## Web Scraping Bicycle e-commerce Site

**Álvaro Rivera Arcelus**<br>
*Economics + Data Analytics*

### About the the company

**Chain Reaction**<br>
*   Chain Reaction is a british bycycle online store. They sell all types of bicycles and cycling apparel from more then 100 high and medium quality brands
*   ***Type of site***: dynamic site
*   ***URL***: https://www.chainreactioncycles.com/

### Scraping methodology

As the site is a dynamic website (i.e; presence of JavaScript) we are not able to apply conventional packages such as *Beautiful Soup*.<br>
If we try to do so, we tend to obtain less information than the one that we as users see on our screen. <br>
This is commonly caused by function that developers implement on sites in order to improve loading times. (JS Lazy Loading)<br><br>
**Solution:** use *Selenium package* which acts as a "bot" by crawling on the site

We wil be gathering the following information about their bikes:<br>
*   Regular price 
*   Sale price 
*   Product description

**Importing libraries**

In [81]:
from selenium import webdriver
from selenium.webdriver.common.by import By
import pandas as pd
import numpy as np

**Scraping site**

In [82]:
#creating main df where we'll concatenate the final data
main_df = pd.DataFrame(columns=['name','reg_price','price'])

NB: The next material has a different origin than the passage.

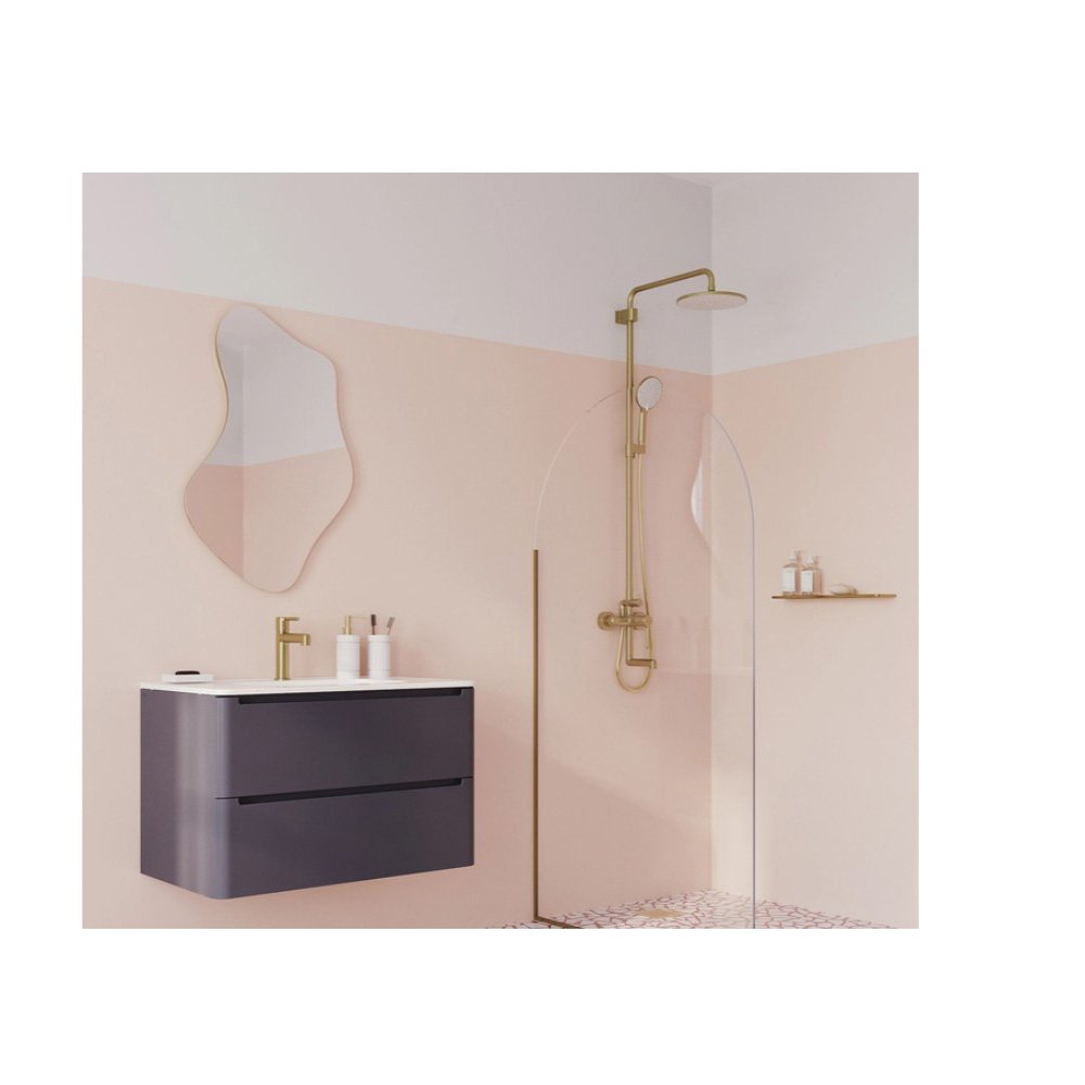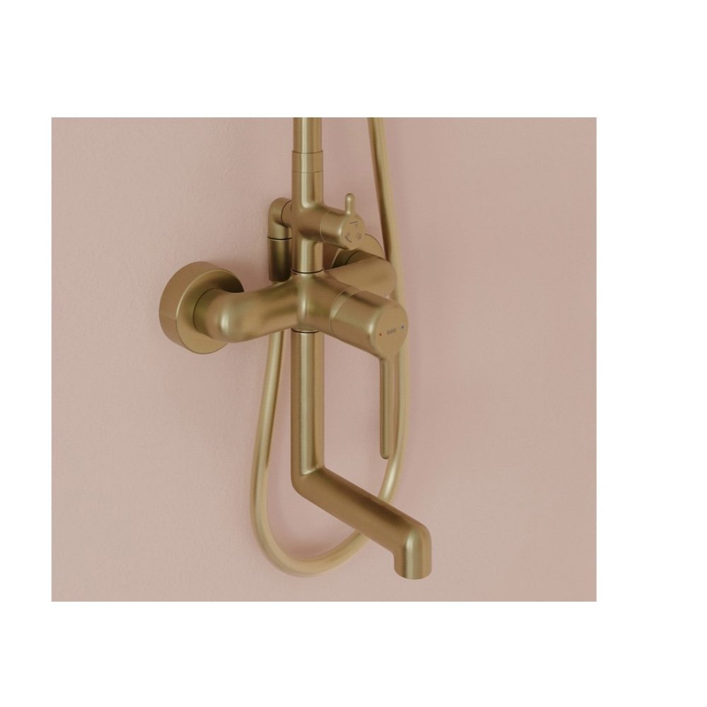 Стильная функциональная душевая система Aiger, где удачно сочетается актуальный современный дизайн и трендовый оттенок матового золота с брашированным покрытием. Тонкая удлиненная ручка добавляет смесителю изящества и комфорт в управлении.

#function that adds all the scraped items into a single array 
def createArray(elements):
    array =[]
    for element in elements: 
        array.append(element.text)
    return array

#using firefox driver to crawl on site
driver = webdriver.Firefox(executable_path=r'C:\Program Files (x86)\geckodriver.exe')

def addNewBike(url):
    driver.get(url)

    price_elem = driver.find_elements(By.CLASS_NAME, "fromamt")
    reg_price_elem = driver.find_elements(By.CLASS_NAME, "rrpamount")
    name_elem = driver.find_elements(By.CLASS_NAME, "description")

    reg_price = createArray(reg_price_elem)
    price = createArray(price_elem)
    name = createArray(name_elem)

    #in case the last bikes didn't have a discount, we need to make all arrays the same length
    #we add a "none" string to missing data
    if len(price)>len(reg_price):
        n = abs(len(price)-len(reg_price))
        #adding to null values a zero
        reg_price = np.concatenate((reg_price,np.repeat('none',n)), axis=None)

    df = pd.DataFrame()
    df['reg_price'] = reg_price
    df['price'] = price
    df['name'] = name

    #we must explicitly say that the variable is global 
    global main_df
    #concatenating new data to dataframe 
    main_df = pd.concat((main_df, df), axis=0)

    return main_df

#links we want to crawl on 
links = ['https://www.chainreactioncycles.com/road-bikes?f=2231&sort=discount', 
        'https://www.chainreactioncycles.com/mountain-bikes?f=2232&sort=discount',
        'https://www.chainreactioncycles.com/bmx-bikes?f=2240&sort=discount',
        'https://www.chainreactioncycles.com/folding-bikes?f=2249&sort=discount',
        'https://www.chainreactioncycles.com/hybrid-city-bikes?f=2234&sort=discount']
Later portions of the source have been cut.